Jetson-Trashformers

What is this project about?

The goal of this project is to use neural networks to train the Robotis BioloidGP to detect trash and throw it away in trash cans, effectively keeping the office environment clean.

How can I run this project?

git clone https://github.com/NVIDIA-Jetson/jetson-trashformers.git
cd jetson-trashformers
make
sh runDetect.sh

These three commands will clone the project to the computer so that it can be run and/or edited to the the user's liking, compile the program, and allow the user to run the program to pick up trash. This program can only be run on the Jetson TX2.

What is CupNet?

CupNet is the neural network that we have created in order to detect cups. It has been trained on images of cups in multiple colors, as well as false positives to make the model more accurate. This neural network has been created and trained on NVIDIA DIGITS using the Caffe framework. We used the help of Dustin Franklin's Jetson Inference tutorial to learn more about using DIGITS and creating our own neural network.
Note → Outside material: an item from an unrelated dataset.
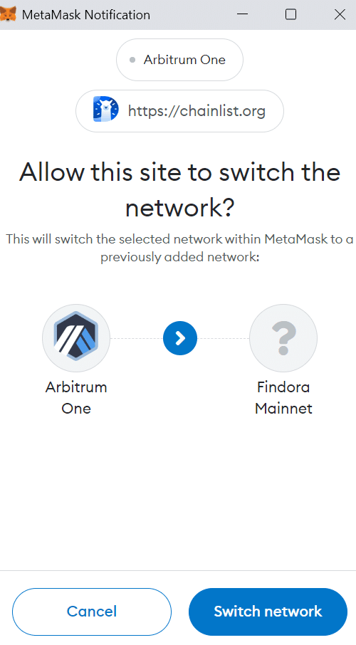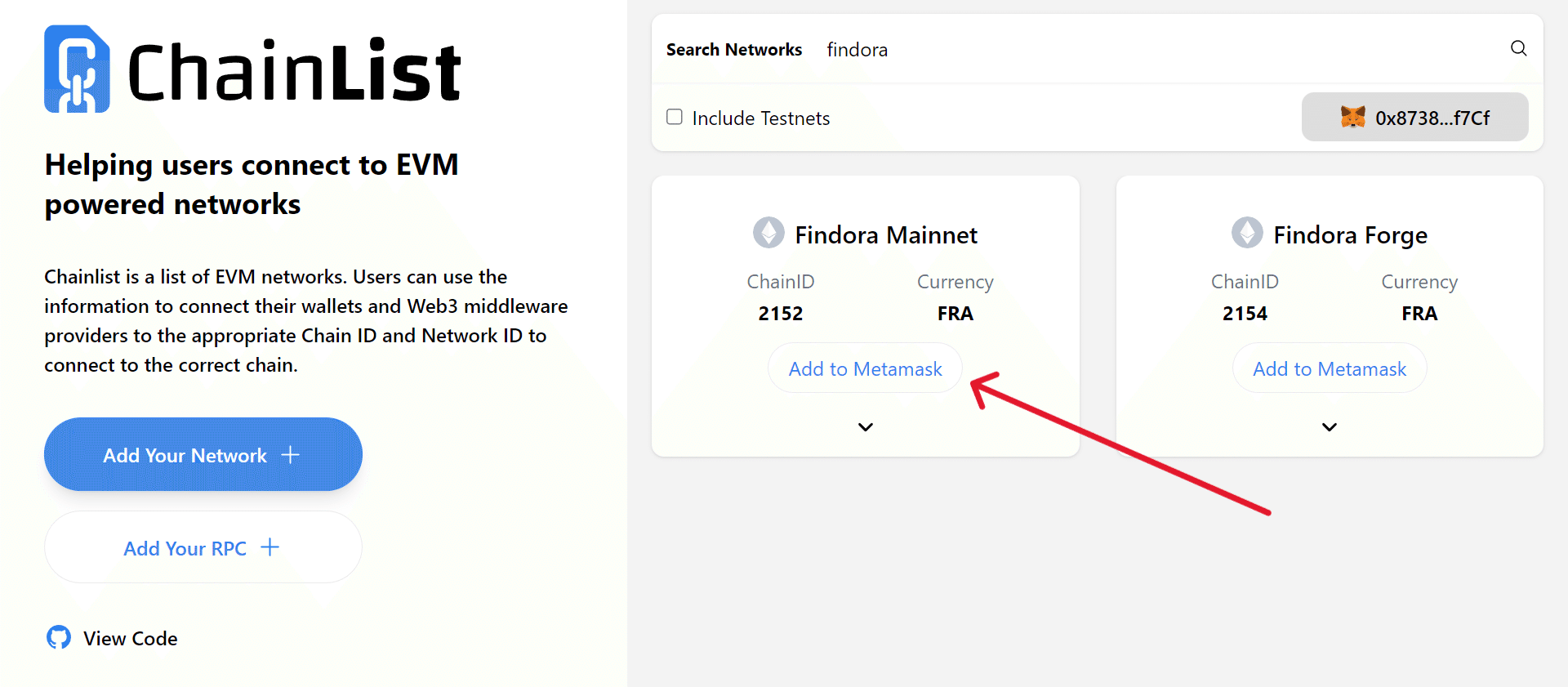 次に、メタマスクアカウントをフィンドラネットワークに接続します。これを行うには、chainlist.org に移動します。フィンドラネットワークを見つけて、[ネットワークの追加]をクリックします。

This graph shows the model's statistics during the training period.

The model learns to draw bounding boxes around cups through training.

Licensing?

  • ROBOTIS:
SDK OBTAINED FROM https://github.com/ROBOTIS-GIT/DynamixelSDK on June 29 2017

Copyright (c) 2016, ROBOTIS CO., LTD. All rights reserved.

Redistribution and use in source and binary forms, with or without modification, are permitted provided that the following conditions are met:

  • Redistributions of source code must retain the above copyright notice, this list of conditions and the following disclaimer.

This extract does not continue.